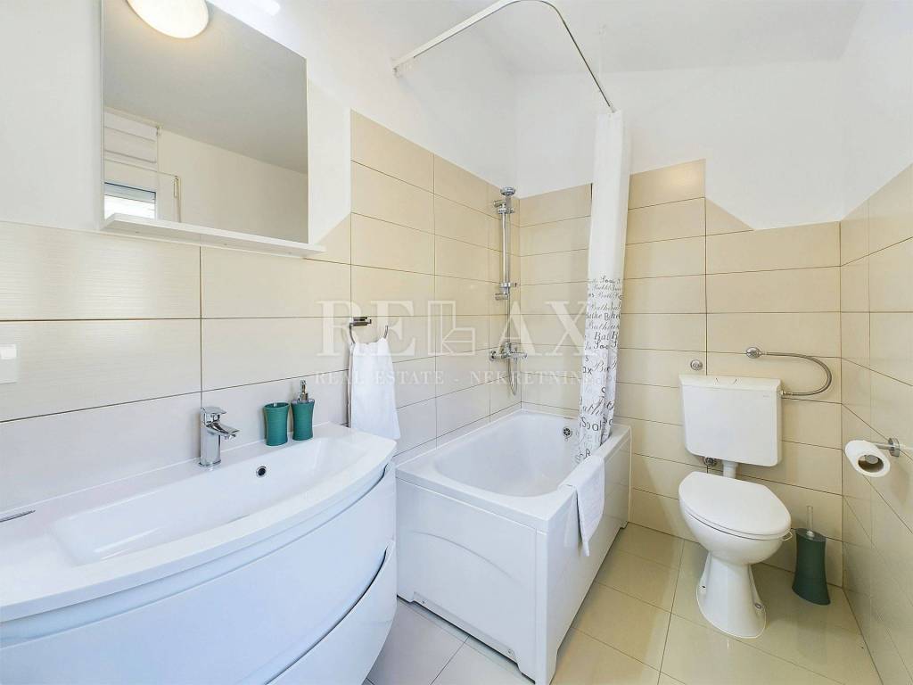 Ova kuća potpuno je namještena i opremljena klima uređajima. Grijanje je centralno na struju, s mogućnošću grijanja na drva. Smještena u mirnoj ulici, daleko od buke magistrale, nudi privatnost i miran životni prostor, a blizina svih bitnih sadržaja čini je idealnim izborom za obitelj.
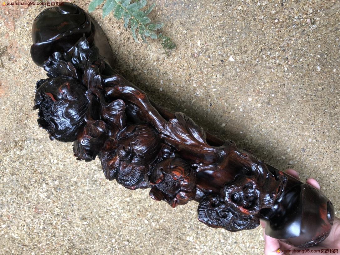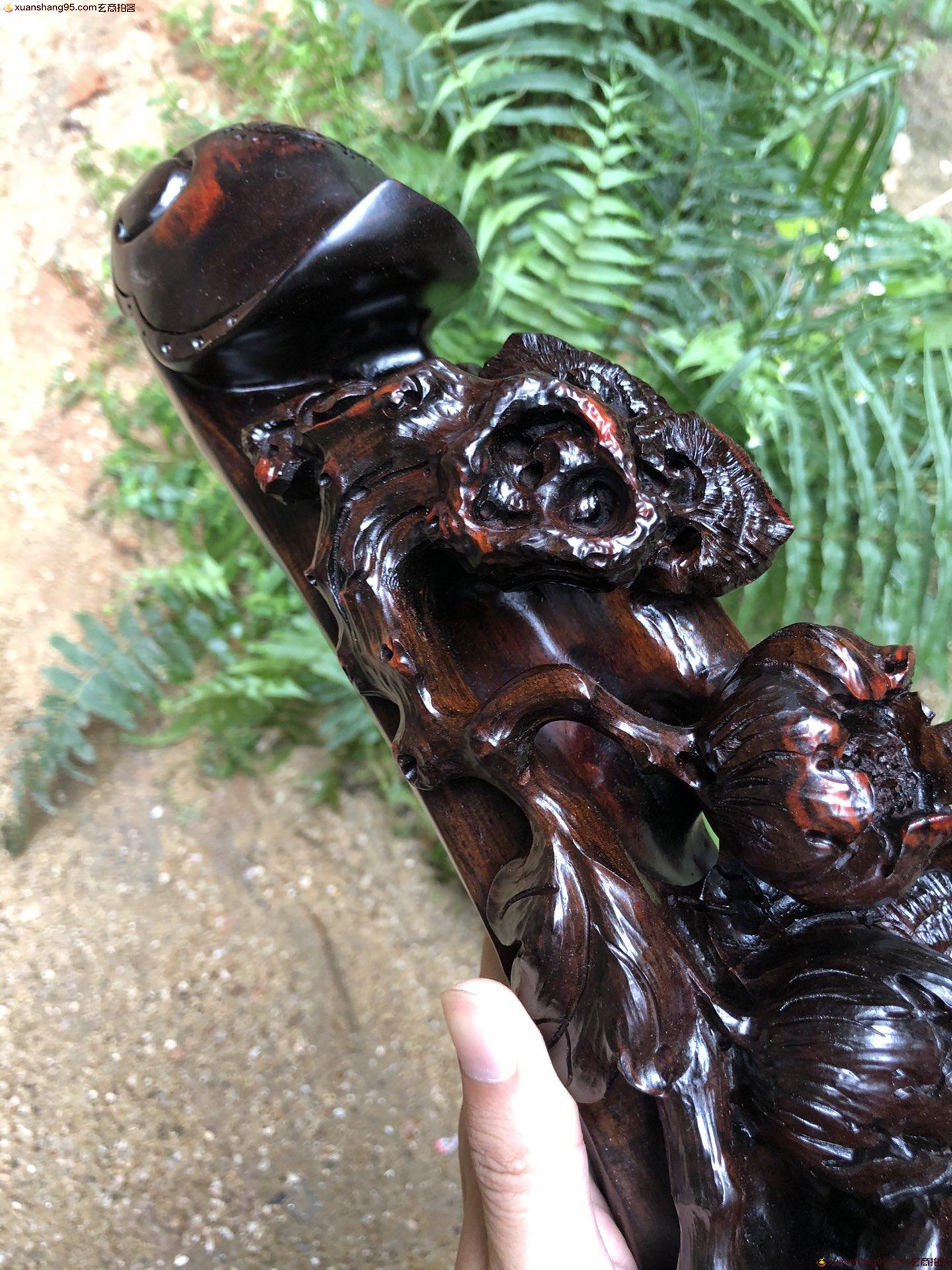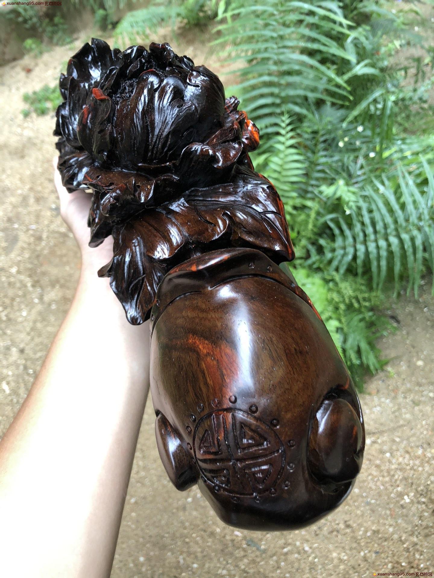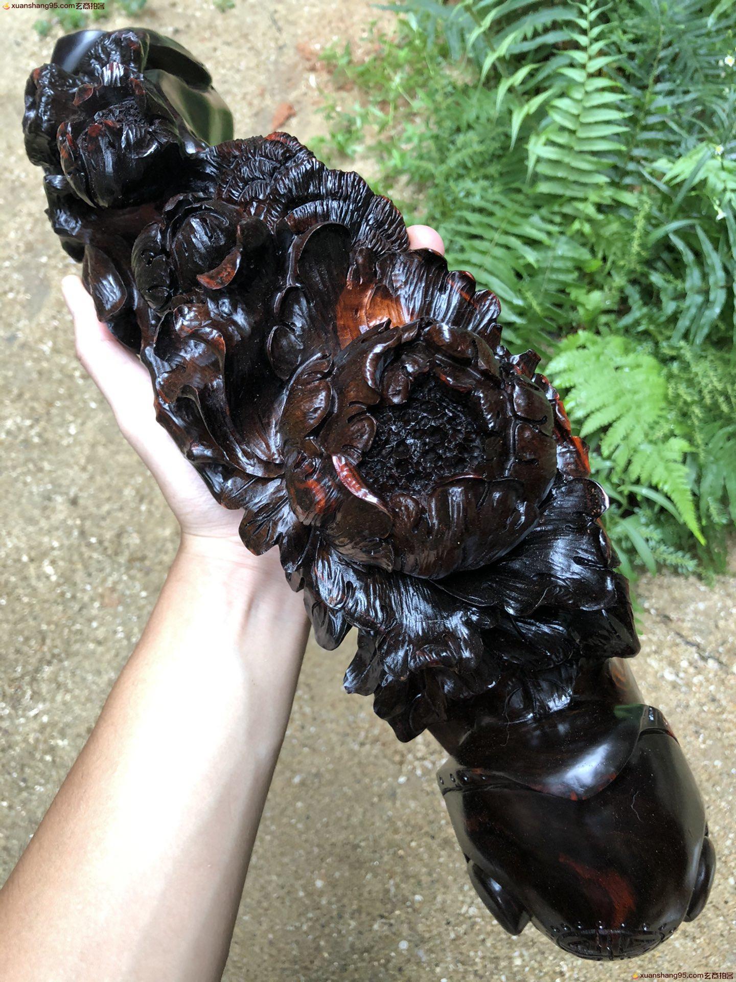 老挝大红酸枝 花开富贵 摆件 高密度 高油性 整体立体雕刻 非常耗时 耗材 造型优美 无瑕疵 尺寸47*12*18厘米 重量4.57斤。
--
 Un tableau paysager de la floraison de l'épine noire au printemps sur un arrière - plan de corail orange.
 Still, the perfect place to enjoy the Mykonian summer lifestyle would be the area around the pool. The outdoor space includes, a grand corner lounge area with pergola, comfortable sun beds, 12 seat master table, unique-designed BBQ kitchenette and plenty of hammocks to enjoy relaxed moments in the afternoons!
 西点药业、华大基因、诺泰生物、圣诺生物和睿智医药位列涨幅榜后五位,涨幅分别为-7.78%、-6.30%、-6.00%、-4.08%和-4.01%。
--
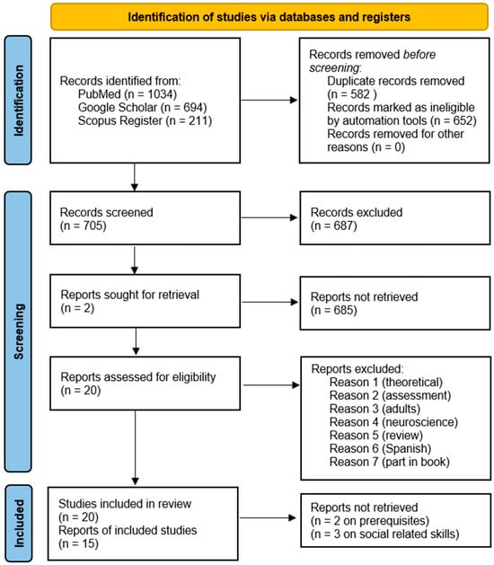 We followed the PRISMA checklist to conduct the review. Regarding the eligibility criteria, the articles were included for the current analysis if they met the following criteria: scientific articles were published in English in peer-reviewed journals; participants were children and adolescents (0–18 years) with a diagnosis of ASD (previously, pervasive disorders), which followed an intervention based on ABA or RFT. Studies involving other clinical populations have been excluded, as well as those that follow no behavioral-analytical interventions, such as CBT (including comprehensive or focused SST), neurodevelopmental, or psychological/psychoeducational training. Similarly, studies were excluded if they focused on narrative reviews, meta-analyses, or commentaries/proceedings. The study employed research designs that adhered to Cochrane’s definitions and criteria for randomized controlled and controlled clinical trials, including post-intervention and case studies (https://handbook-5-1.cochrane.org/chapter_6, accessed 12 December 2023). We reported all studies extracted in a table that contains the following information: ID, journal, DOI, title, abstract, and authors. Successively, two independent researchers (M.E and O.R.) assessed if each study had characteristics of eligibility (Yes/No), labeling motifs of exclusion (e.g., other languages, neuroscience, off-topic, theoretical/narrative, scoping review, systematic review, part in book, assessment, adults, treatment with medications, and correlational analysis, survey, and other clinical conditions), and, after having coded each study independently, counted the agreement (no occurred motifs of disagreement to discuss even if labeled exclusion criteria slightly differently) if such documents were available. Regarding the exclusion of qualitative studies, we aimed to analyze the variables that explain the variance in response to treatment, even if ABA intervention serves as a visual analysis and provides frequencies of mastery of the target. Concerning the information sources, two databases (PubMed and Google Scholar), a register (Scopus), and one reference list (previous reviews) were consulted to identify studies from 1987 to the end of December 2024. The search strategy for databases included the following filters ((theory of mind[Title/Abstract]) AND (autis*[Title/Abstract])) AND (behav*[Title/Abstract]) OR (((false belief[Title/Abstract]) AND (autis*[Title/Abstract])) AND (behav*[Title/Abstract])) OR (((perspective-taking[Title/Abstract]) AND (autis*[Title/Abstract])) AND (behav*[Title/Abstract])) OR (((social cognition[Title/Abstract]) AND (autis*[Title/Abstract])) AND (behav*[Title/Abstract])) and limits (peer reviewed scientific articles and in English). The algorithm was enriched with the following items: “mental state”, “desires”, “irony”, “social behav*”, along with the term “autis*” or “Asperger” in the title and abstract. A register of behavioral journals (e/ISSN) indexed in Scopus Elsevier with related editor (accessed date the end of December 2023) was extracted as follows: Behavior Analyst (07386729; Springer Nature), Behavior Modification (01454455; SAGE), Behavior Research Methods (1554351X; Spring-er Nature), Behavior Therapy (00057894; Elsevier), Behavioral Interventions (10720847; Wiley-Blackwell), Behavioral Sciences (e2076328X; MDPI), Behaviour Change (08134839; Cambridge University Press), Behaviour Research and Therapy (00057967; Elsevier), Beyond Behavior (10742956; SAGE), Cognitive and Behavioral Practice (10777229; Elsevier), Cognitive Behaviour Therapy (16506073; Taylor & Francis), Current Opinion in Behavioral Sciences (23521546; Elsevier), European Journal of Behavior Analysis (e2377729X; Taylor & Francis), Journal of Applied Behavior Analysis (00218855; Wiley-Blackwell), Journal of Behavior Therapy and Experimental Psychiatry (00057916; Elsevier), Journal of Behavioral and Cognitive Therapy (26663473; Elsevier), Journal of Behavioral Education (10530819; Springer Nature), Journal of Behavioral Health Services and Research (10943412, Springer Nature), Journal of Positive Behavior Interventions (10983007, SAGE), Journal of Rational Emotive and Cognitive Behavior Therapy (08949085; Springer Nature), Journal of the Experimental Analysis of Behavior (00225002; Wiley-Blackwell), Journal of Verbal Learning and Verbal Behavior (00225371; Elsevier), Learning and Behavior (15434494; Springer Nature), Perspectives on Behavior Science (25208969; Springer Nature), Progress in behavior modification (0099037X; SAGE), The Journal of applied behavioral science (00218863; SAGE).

- _Task instructions_
Within the material above, extract exactly the lines that start at the line containing "Un tableau paysager" and stop after the line containing "西点药业、华大基因、诺泰生物", and only those.

- _Response_
 Un tableau paysager de la floraison de l'épine noire au printemps sur un arrière - plan de corail orange.
 Still, the perfect place to enjoy the Mykonian summer lifestyle would be the area around the pool. The outdoor space includes, a grand corner lounge area with pergola, comfortable sun beds, 12 seat master table, unique-designed BBQ kitchenette and plenty of hammocks to enjoy relaxed moments in the afternoons!
 西点药业、华大基因、诺泰生物、圣诺生物和睿智医药位列涨幅榜后五位,涨幅分别为-7.78%、-6.30%、-6.00%、-4.08%和-4.01%。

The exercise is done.